The problem:
Please give back the listing exactly, without any of its pictures.
[[ Supplied entries open ]]
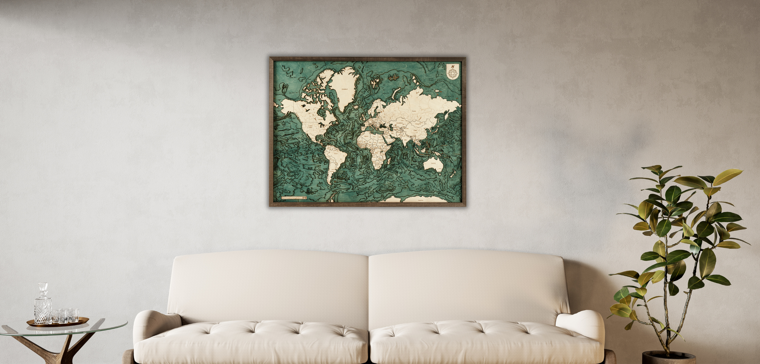 Our unique 3D wooden wall maps are brought to life by precise three-dimensional technology and patient handwork.
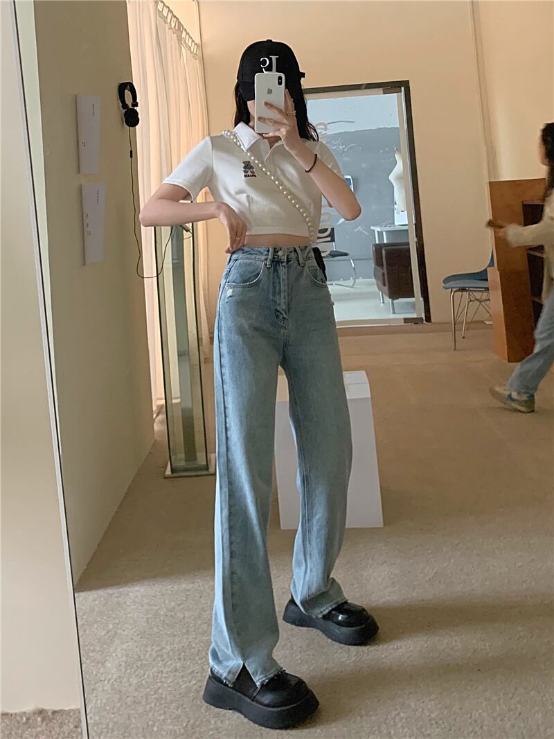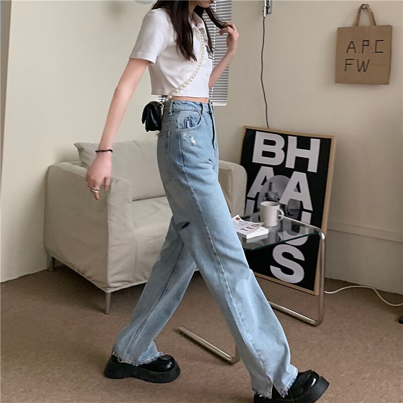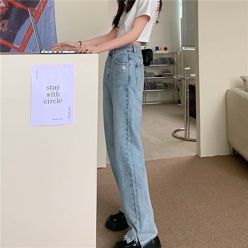 スタンダードジーンズ レディースサマールーズハイウェストウェストワイドレッグパンツ レトロ 夏物 ワイドパンツ クレセントシティ48065698001
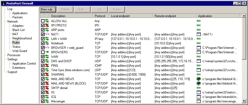 When checkbox at the left side of rule list is enabled - the rule is active, and will be used while processing network packets. Otherwise, the rule is turned off, and is completely ignored.
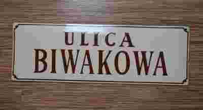 EMALIOWANA TABLICA Z OKRESU PRL ULICA BIWAKOWA
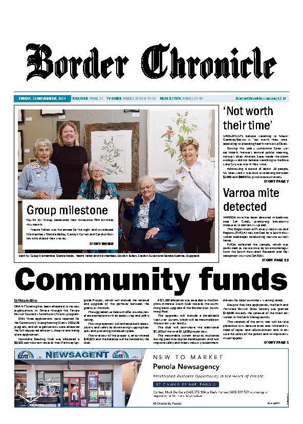 Border Chronicle – 28th November 2025 Subscribe or Login to see the rest of the content. Username Password * Remember Me Forgot Password News Mixed results for Penola bowlers 02/12/2025 LAST the Penola Bowls Club's Friday Ladies Division 1 side lost to Port MacDonnell Blue by 11 shots 38-49 and Division 2 won over... Impressive effort from Shawcross 02/12/2025 KAREN Shawcross claimed Serviceton Bowling Club Ladies Singles Championship for the 2025/26 bowling season. The preliminary rounds were played Saturday morning, with all games close,... Penola secures first win 02/12/2025 PENOLA Rangers have found their first win of the Southern Ports Tennis season, defatting the Beachport Buccaneers on Saturday. In what was a tight...
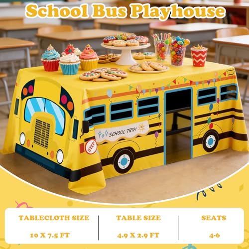 10FT x 7.5FT School Bus Tablecloth,Table Fort Tent Cover Playhouse,Back to School Table Cloth Decorations,Indoor & Outdoor Tablecloth for School Bus Theme Party Birthday Supplies
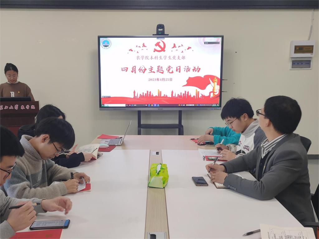 (通讯员 亢凯)4月25日中午12:20,公司本科生员工党支部在农科大楼3071会议室开展四月主题党日活动,支部党员均参加本次主题党日活动,本次活动由支部党员牛彤彤同志主持。
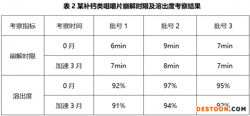 為有效的控制自制品的批間均一性及貨架期間穩(wěn)定性,為生產(chǎn)參數(shù)的制定提供依據(jù),同時(shí)保證咀嚼片在臨床使用期間由于部分人群咀嚼不完全導(dǎo)致臨床療效的差異,故推薦按照普通速釋片的崩解時(shí)限及溶出度標(biāo)準(zhǔn)確定咀嚼片的控制標(biāo)準(zhǔn)。參考USP<2040>相關(guān)規(guī)定將某補(bǔ)鈣類咀嚼片內(nèi)控崩解時(shí)限擬定為不得過30min,參考USP同品種普通速釋片劑將在鹽酸介質(zhì)中30min的溶出度擬定為不得過75%。對(duì)多批次自制品進(jìn)行考察,結(jié)果見表2。
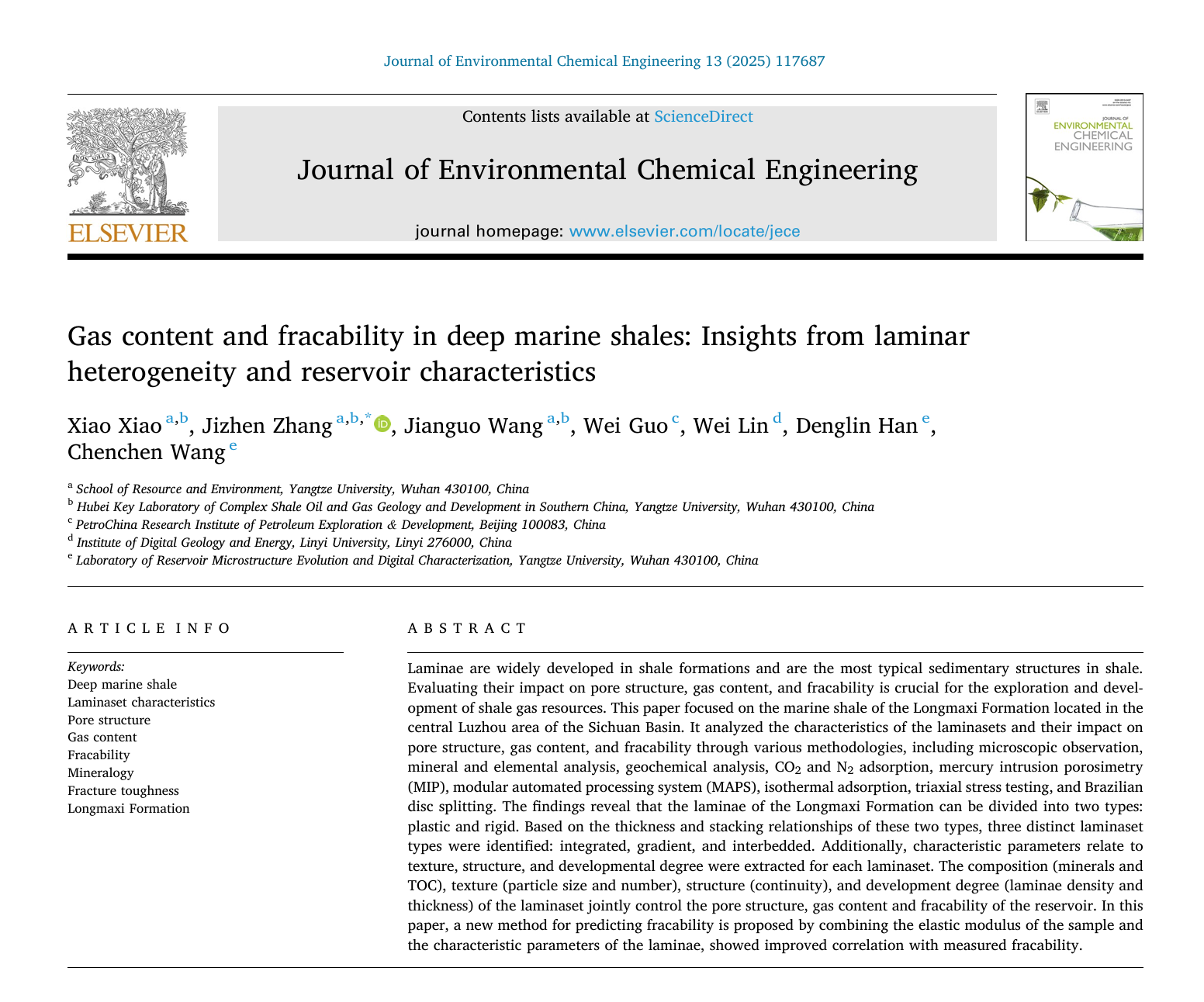 (通讯员 张吉振)在全球能源转型背景下,页岩气作为清洁能源的重要补充,其高效开发成为国际能源领域的核心议题。然而,深海页岩的复杂储层特征(如差异纹层层理异质性)对含气性和可压裂性的影响机制尚未完全明晰。针对这一科学难题,williamhill英国在读硕士研究生肖肖在导师张吉振副教授指导下,在国际权威期刊《Journal of Environmental Chemical Engineering》(JCR 1区,IF=7.2)发表题为"Gas content and fracability in deep marine shales: Insights from laminar heterogeneity and reservoir characteristics"的研究论文,首次系统揭示了多类型复杂纹层层理结构对页岩储层性能的差异性控制规律,为深层页岩气勘探开发提供了科学理论支撑。williamhill英国为第一完成单位。
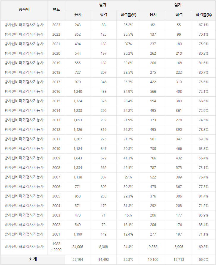 2023년까지 시행한 방사선비파괴검사기능사 연도별 필기와 실기시험 자격검정 현황(응시인원, 합격인원, 합격률) 자료 출처는 한국산업인력공단에서 운영하는 웹사이트 큐넷(q-net.or.kr)입니다.
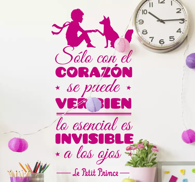 Referencia: A10731En este sticker aparece la silueta del protagonista de tu cuento favorito junto a a un zorro y debajo el texto "Sólo con el corazón se puede ver bien, lo esencial es invisible a los ojos". Un bonito texto filosófico y motivador para renovar la estética de tu hogar. Vinilos baratos y de gran calidad, disponibles en gran variedad de colores y tamaños.
[[ Supplied entries closed ]]
Response:
 Our unique 3D wooden wall maps are brought to life by precise three-dimensional technology and patient handwork.
 スタンダードジーンズ レディースサマールーズハイウェストウェストワイドレッグパンツ レトロ 夏物 ワイドパンツ クレセントシティ48065698001
 When checkbox at the left side of rule list is enabled - the rule is active, and will be used while processing network packets. Otherwise, the rule is turned off, and is completely ignored.
 EMALIOWANA TABLICA Z OKRESU PRL ULICA BIWAKOWA
 Border Chronicle – 28th November 2025 Subscribe or Login to see the rest of the content. Username Password * Remember Me Forgot Password News Mixed results for Penola bowlers 02/12/2025 LAST the Penola Bowls Club's Friday Ladies Division 1 side lost to Port MacDonnell Blue by 11 shots 38-49 and Division 2 won over... Impressive effort from Shawcross 02/12/2025 KAREN Shawcross claimed Serviceton Bowling Club Ladies Singles Championship for the 2025/26 bowling season. The preliminary rounds were played Saturday morning, with all games close,... Penola secures first win 02/12/2025 PENOLA Rangers have found their first win of the Southern Ports Tennis season, defatting the Beachport Buccaneers on Saturday. In what was a tight...
 10FT x 7.5FT School Bus Tablecloth,Table Fort Tent Cover Playhouse,Back to School Table Cloth Decorations,Indoor & Outdoor Tablecloth for School Bus Theme Party Birthday Supplies
 (通讯员 亢凯)4月25日中午12:20,公司本科生员工党支部在农科大楼3071会议室开展四月主题党日活动,支部党员均参加本次主题党日活动,本次活动由支部党员牛彤彤同志主持。
 為有效的控制自制品的批間均一性及貨架期間穩(wěn)定性,為生產(chǎn)參數(shù)的制定提供依據(jù),同時(shí)保證咀嚼片在臨床使用期間由于部分人群咀嚼不完全導(dǎo)致臨床療效的差異,故推薦按照普通速釋片的崩解時(shí)限及溶出度標(biāo)準(zhǔn)確定咀嚼片的控制標(biāo)準(zhǔn)。參考USP<2040>相關(guān)規(guī)定將某補(bǔ)鈣類咀嚼片內(nèi)控崩解時(shí)限擬定為不得過30min,參考USP同品種普通速釋片劑將在鹽酸介質(zhì)中30min的溶出度擬定為不得過75%。對(duì)多批次自制品進(jìn)行考察,結(jié)果見表2。
 (通讯员 张吉振)在全球能源转型背景下,页岩气作为清洁能源的重要补充,其高效开发成为国际能源领域的核心议题。然而,深海页岩的复杂储层特征(如差异纹层层理异质性)对含气性和可压裂性的影响机制尚未完全明晰。针对这一科学难题,williamhill英国在读硕士研究生肖肖在导师张吉振副教授指导下,在国际权威期刊《Journal of Environmental Chemical Engineering》(JCR 1区,IF=7.2)发表题为"Gas content and fracability in deep marine shales: Insights from laminar heterogeneity and reservoir characteristics"的研究论文,首次系统揭示了多类型复杂纹层层理结构对页岩储层性能的差异性控制规律,为深层页岩气勘探开发提供了科学理论支撑。williamhill英国为第一完成单位。
 2023년까지 시행한 방사선비파괴검사기능사 연도별 필기와 실기시험 자격검정 현황(응시인원, 합격인원, 합격률) 자료 출처는 한국산업인력공단에서 운영하는 웹사이트 큐넷(q-net.or.kr)입니다.
 Referencia: A10731En este sticker aparece la silueta del protagonista de tu cuento favorito junto a a un zorro y debajo el texto "Sólo con el corazón se puede ver bien, lo esencial es invisible a los ojos". Un bonito texto filosófico y motivador para renovar la estética de tu hogar. Vinilos baratos y de gran calidad, disponibles en gran variedad de colores y tamaños.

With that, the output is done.